- TASK GOAL
Go through the listing and repeat each entry exactly, but include no pictures.

- RAW DATA
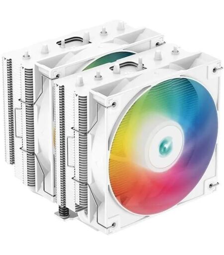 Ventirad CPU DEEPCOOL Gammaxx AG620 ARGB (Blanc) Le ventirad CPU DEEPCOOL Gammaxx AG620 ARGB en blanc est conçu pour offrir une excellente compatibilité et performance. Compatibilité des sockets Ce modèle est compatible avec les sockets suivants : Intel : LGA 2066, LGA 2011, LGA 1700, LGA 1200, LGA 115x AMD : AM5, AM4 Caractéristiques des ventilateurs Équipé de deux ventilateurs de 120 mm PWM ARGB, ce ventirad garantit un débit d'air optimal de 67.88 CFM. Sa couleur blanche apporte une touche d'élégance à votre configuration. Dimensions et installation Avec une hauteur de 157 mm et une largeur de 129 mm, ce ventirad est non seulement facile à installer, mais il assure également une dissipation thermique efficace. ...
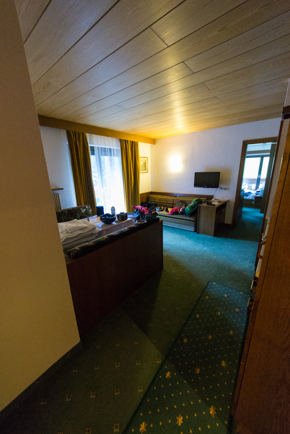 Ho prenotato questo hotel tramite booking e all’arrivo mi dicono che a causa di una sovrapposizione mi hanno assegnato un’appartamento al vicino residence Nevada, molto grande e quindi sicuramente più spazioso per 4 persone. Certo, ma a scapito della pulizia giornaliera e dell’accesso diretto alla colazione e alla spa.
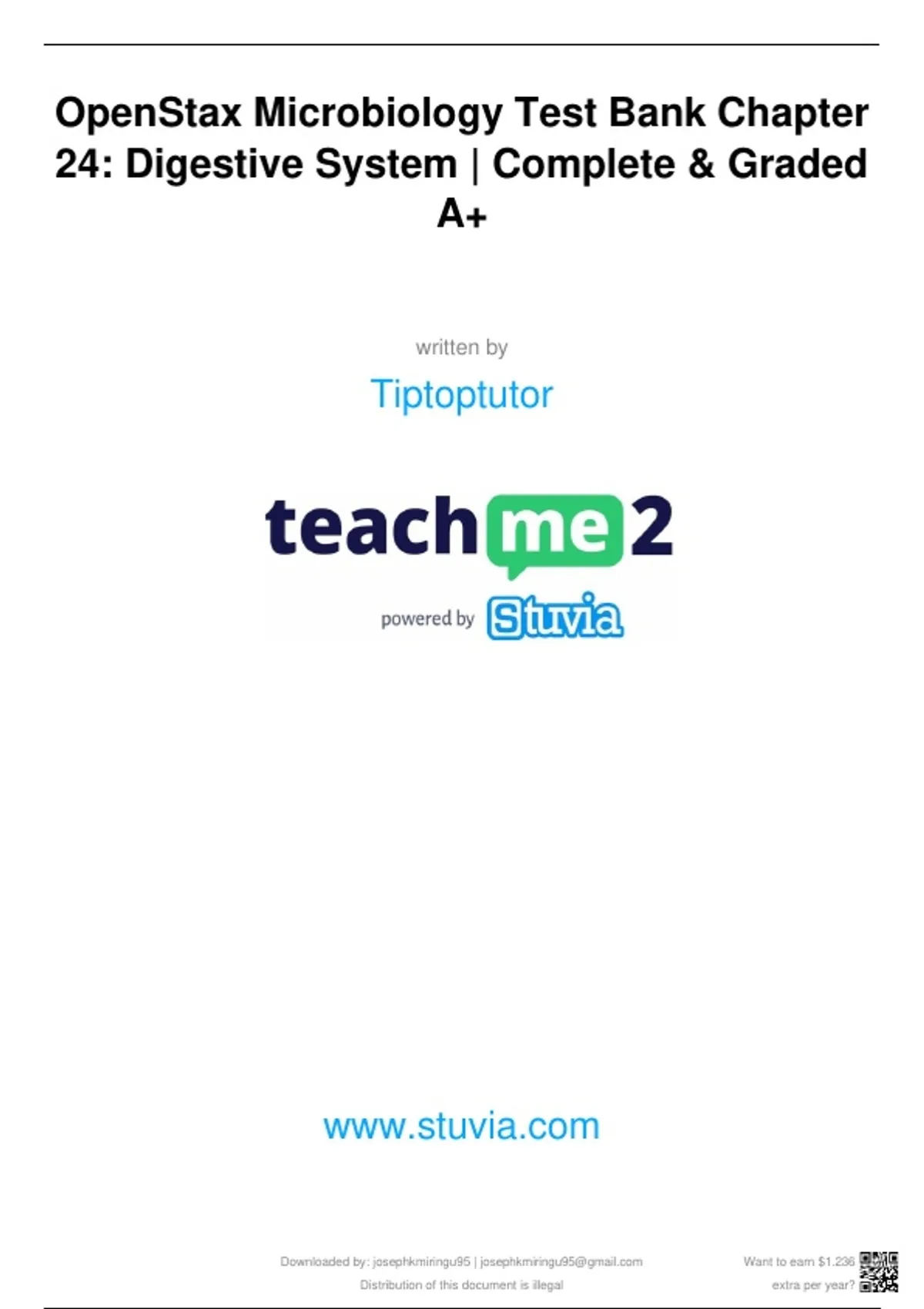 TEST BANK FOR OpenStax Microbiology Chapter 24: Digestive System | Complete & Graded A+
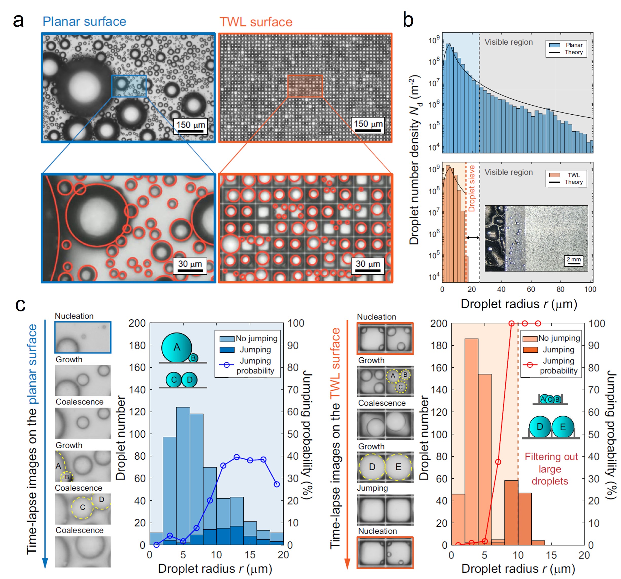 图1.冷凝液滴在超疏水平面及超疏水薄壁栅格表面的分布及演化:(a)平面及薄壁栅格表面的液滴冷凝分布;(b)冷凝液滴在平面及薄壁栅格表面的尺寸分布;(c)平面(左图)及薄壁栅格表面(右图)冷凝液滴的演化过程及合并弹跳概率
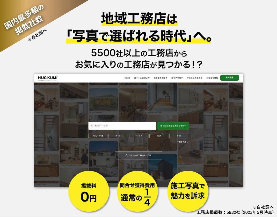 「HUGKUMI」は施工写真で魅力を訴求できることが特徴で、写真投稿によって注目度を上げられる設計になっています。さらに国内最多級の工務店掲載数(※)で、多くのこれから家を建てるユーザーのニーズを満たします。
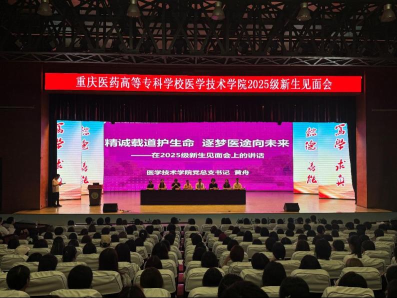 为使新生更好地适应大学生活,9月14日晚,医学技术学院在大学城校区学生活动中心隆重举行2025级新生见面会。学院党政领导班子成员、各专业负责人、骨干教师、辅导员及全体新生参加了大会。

- EXERCISE OUTPUT
 Ventirad CPU DEEPCOOL Gammaxx AG620 ARGB (Blanc) Le ventirad CPU DEEPCOOL Gammaxx AG620 ARGB en blanc est conçu pour offrir une excellente compatibilité et performance. Compatibilité des sockets Ce modèle est compatible avec les sockets suivants : Intel : LGA 2066, LGA 2011, LGA 1700, LGA 1200, LGA 115x AMD : AM5, AM4 Caractéristiques des ventilateurs Équipé de deux ventilateurs de 120 mm PWM ARGB, ce ventirad garantit un débit d'air optimal de 67.88 CFM. Sa couleur blanche apporte une touche d'élégance à votre configuration. Dimensions et installation Avec une hauteur de 157 mm et une largeur de 129 mm, ce ventirad est non seulement facile à installer, mais il assure également une dissipation thermique efficace. ...
 Ho prenotato questo hotel tramite booking e all’arrivo mi dicono che a causa di una sovrapposizione mi hanno assegnato un’appartamento al vicino residence Nevada, molto grande e quindi sicuramente più spazioso per 4 persone. Certo, ma a scapito della pulizia giornaliera e dell’accesso diretto alla colazione e alla spa.
 TEST BANK FOR OpenStax Microbiology Chapter 24: Digestive System | Complete & Graded A+
 图1.冷凝液滴在超疏水平面及超疏水薄壁栅格表面的分布及演化:(a)平面及薄壁栅格表面的液滴冷凝分布;(b)冷凝液滴在平面及薄壁栅格表面的尺寸分布;(c)平面(左图)及薄壁栅格表面(右图)冷凝液滴的演化过程及合并弹跳概率
 「HUGKUMI」は施工写真で魅力を訴求できることが特徴で、写真投稿によって注目度を上げられる設計になっています。さらに国内最多級の工務店掲載数(※)で、多くのこれから家を建てるユーザーのニーズを満たします。
 为使新生更好地适应大学生活,9月14日晚,医学技术学院在大学城校区学生活动中心隆重举行2025级新生见面会。学院党政领导班子成员、各专业负责人、骨干教师、辅导员及全体新生参加了大会。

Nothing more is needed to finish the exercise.